Retail investors rush in. Uh oh.
Individuals are jumping back into the market this year, which could be a bad sign for the market. But wait...
By Alexandra Twin, senior writer

NEW YORK ( - Individual investors are moving back into stocks at the fastest pace in years. Uh oh.

The stock market is already struggling with uncertainty about when the Federal Reserve's interest rate hiking campaign will end, an expected slowdown in economic growth in the second half, higher energy prices, rising Treasury bond yields and other inflationary factors. The last thing it needs is for retail investors to rush in.


Why? Because as history makes clear, by the time individual investors are jumping in, that's the time the bull market is pretty much over. Individual investors are often the last hurrah, when most of the advance has already happened. (For one recent example see the end of the Internet bubble, circa 2000).

As Barry Ritholtz, chief market strategist at Ritholtz Research, wrote in a recent note to clients: "This is how sucker rallies draw people in. Once the most naive and least informed buy in, who else is left to drive prices higher?"

But that's not always the case, said William Hummer, a money manager and principal at Wayne Hummer Inc.

"The established theory is that usually the individual's timing is wrong, but that's a big generalization," he said. "I've seen cases where they are right on time and this may be one of them."

Hummer said that when individual investors' renewed interest is accompanied by more activity in lower-priced stocks with an emphasis on quick gains, that's when there is some concern.

But he says the recent trend does not seem to be that way.
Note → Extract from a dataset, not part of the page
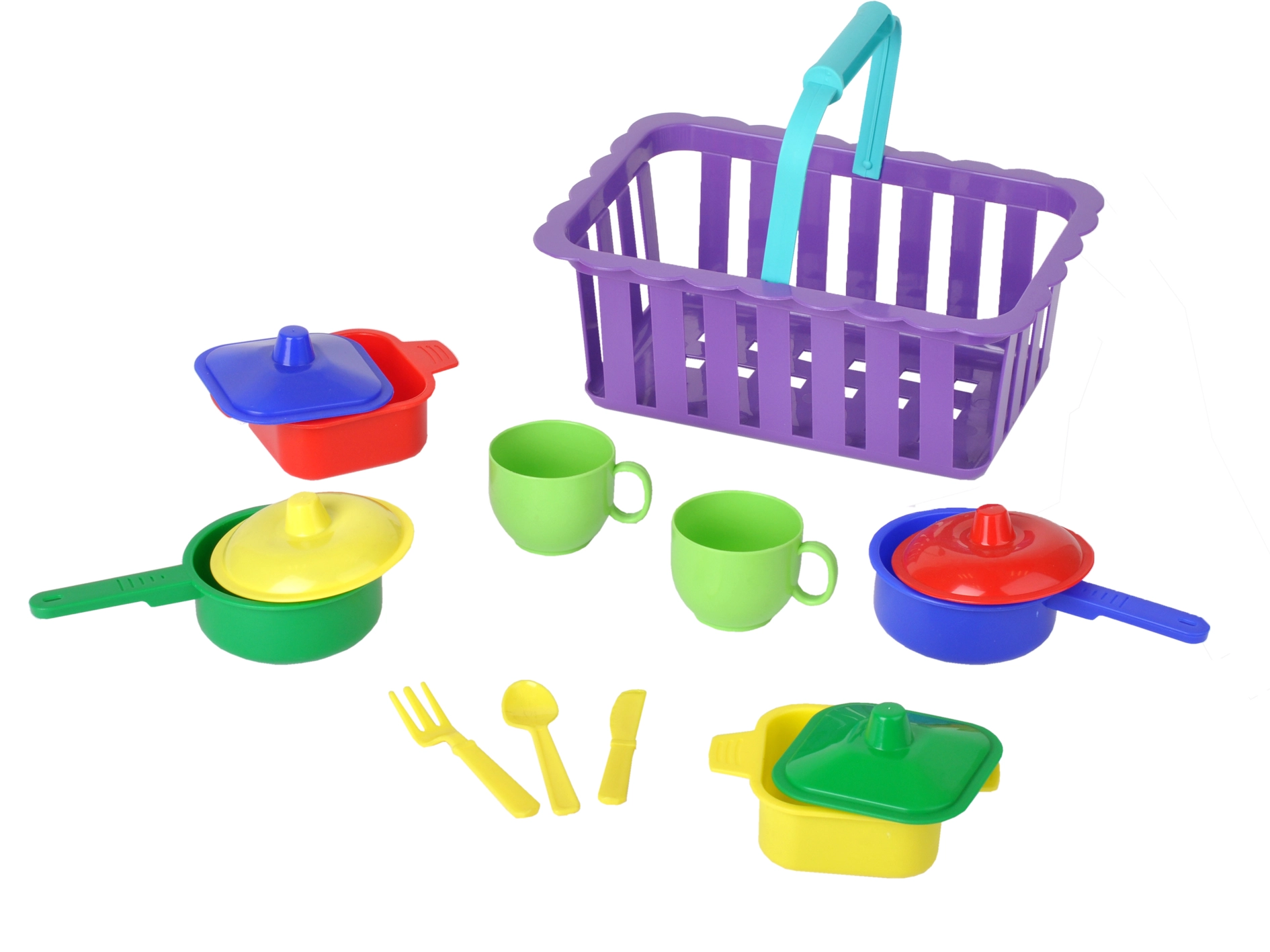 Wesoły dziecięcy zestaw naczyń w praktycznym koszyku ucieszy każdą małą kucharkę i kucharza. Zawiera garnki, patelnie, kubeczki i sztućce w żywych kolorach. Dzięki lekkiemu koszykowi wszystko można łatwo przenosić i przechowywać. Świetny wybór do zabawy w gotowanie, rozwijania wyobraźni oraz ćwiczenia motoryki małej.

Small investors seem to remain focused on the long term. The latest move is related more to getting out of real estate and other investments and moving back into stocks and mutual funds.

"We're not going back to 1999," Hummer said. "That's when you get worried, not when the retail investor is taking measured steps."

Where's the money going?

There has been a pick up in interest lately.

"To the extent that there's more people involved in the daily trading of the markets, it's a good thing," said John Burnham, portfolio manager at Burnham Securities, noting that nowadays trading is dominated by huge institutional investors as well as hedge funds. He said seeing more individuals come back is a good thing.

As a recent Wall Street Journal article pointed out, discount brokers in particular saw a big pickup in the number of individual trades in January. In addition, money flowed into stock mutual funds in January at brokers such as Charles Schwab at the fastest pace in nearly six years.

"If the retail investor has picked up, as you've seen in January, that's a positive, in that you want consumers to be saving more and investing," said Timothy Ghriskey, chief investment officer at Solaris Asset Management. "But you never want to be the last one in and too often that's the case."

Case in point: much of the money flooding the market has been chasing international funds, according to AMG, a tracker of money inflows. International funds were among the best performers last year.

Select country funds still offer good buying opportunities, Burnham said. But some have run up so much in recent months that they may be ripe for a correction, and many individual investors may get hurt.

For example, the India Fund (Research), which invests in Indian stocks, soared 32 percent in January and February, hitting an all-time high. But in the last week, it's already lost 10 percent of its value.

Bull getting old?

The bull market turned three last October, making it one of the oldest on record, and perhaps suggesting its days are numbered.

"Most bull markets don't last as long as this one has," said Jeffrey Hirsch, editor in chief of the Stock Trader's Almanac.

He said as measured by the Dow industrials, only five bull markets in history have lasted longer than the current one, which is nearly 3-1/2 years old.

Additionally, the S&P 500 is not far from a 4-1/2 year high and the Dow hit a more than four-year high last month. Since then both indexes have struggled.

These are all among the factors suggesting that the stock market is nearing a top, Hirsch added.

He said that there have been a number of March tops historically, that were then followed by a big selloff. The most recent example is 2002 in which the market hit its peak in March then began to back off until bottoming out in October of that same year.

That could happen this year too.

In fact, many analysts have been calling for the market to bottom out sometime in the second half anyway. Such a move would be consistent with the theory that the market follows the four-year cycle of the presidency, and that year two is usually the worst and the most likely time to see a bottom.

However, such selloffs have historically led to good buying opportunities for investors, the analysts said, such as in 2002, when the October bottom paved the way for the current 3-1/2 year bull market.